The maximal force, generated during microtubule polymerization, can be estimated assuming that the entire free energy ΔG_poly, driving this process, is used to perform mechanical work over the distance d, corresponding to an increment of microtubule length per addition of one tubulin dimer (Hill 1987; Dogterom and Yurke 1997):

$$F={\Delta G}_{\mathit{poly}}/d=RTln\left(\frac{c}{c_{\mathit{cr}}}\right)/d$$ 2

where c is the tubulin concentration in solution, c_cr is the critical concentration of microtubule assembly, R is the universal gas constant, T is the absolute temperature, and d =8 nm/13 is a ratio of the tubulin dimer length and the number of protofilaments in the microtubule. c_cr has been estimated to be 1–3 μM (Wieczorek et al. 2015). Thus, from Eq. (2), it follows that at a tubulin concentration of 20 μM, the maximal thermodynamically possible force a growing microtubule can generate is ~35 pN.

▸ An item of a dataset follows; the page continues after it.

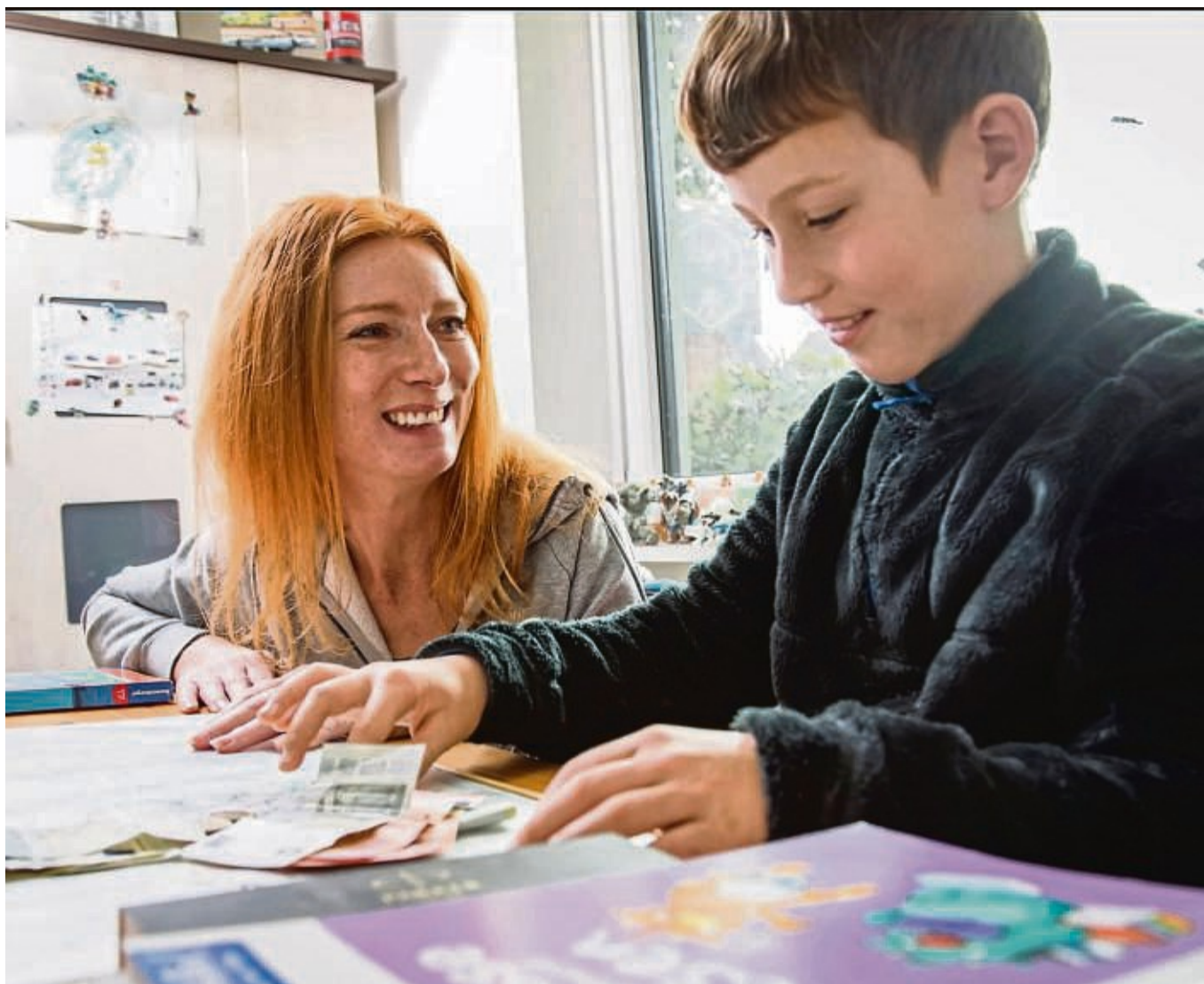
Früh übt sich: Wenn Eltern ihre Kinder beim Umgang mit Geld an die Hand nehmen, haben sie bessere Startvoraussetzungen.

Analogously, the maximal force generated by microtubule depolymerization can be estimated assuming that the entire energy ∆G_depoly is converted into mechanical work over the distance d:

$$F=\mathrm{\Delta }{G}_{\mathit{depoly}}/d$$ 3

The energy of GDP-lattice depolymerization, ∆G_depoly, can be calculated from Eq. (1), as described by Desai and Mitchison (1997). Despite about three decades since the estimates were first published, no significant clarifications have been presented in the literature, so we reproduce the numbers as follows. The total energy of GTP hydrolysis in the cells is about −12.5 kcal/mol, ${\Delta G}_{\mathit{poly}}=RTln\left(\frac{c}{c_{\mathit{cr}}}\right)=-3$ kcal/mol; the free energy of the nucleotide exchange is ∆G_{nucl. exchange} =  − 2 kcal/mol; the free energy of GTP hydrolysis and phosphate release from the lattice has been estimated to be about −2.5 kcal/mol. Hence, ∆G_depoly is about −5 kcal/mol. The corresponding force would be ~60 pN per microtubule.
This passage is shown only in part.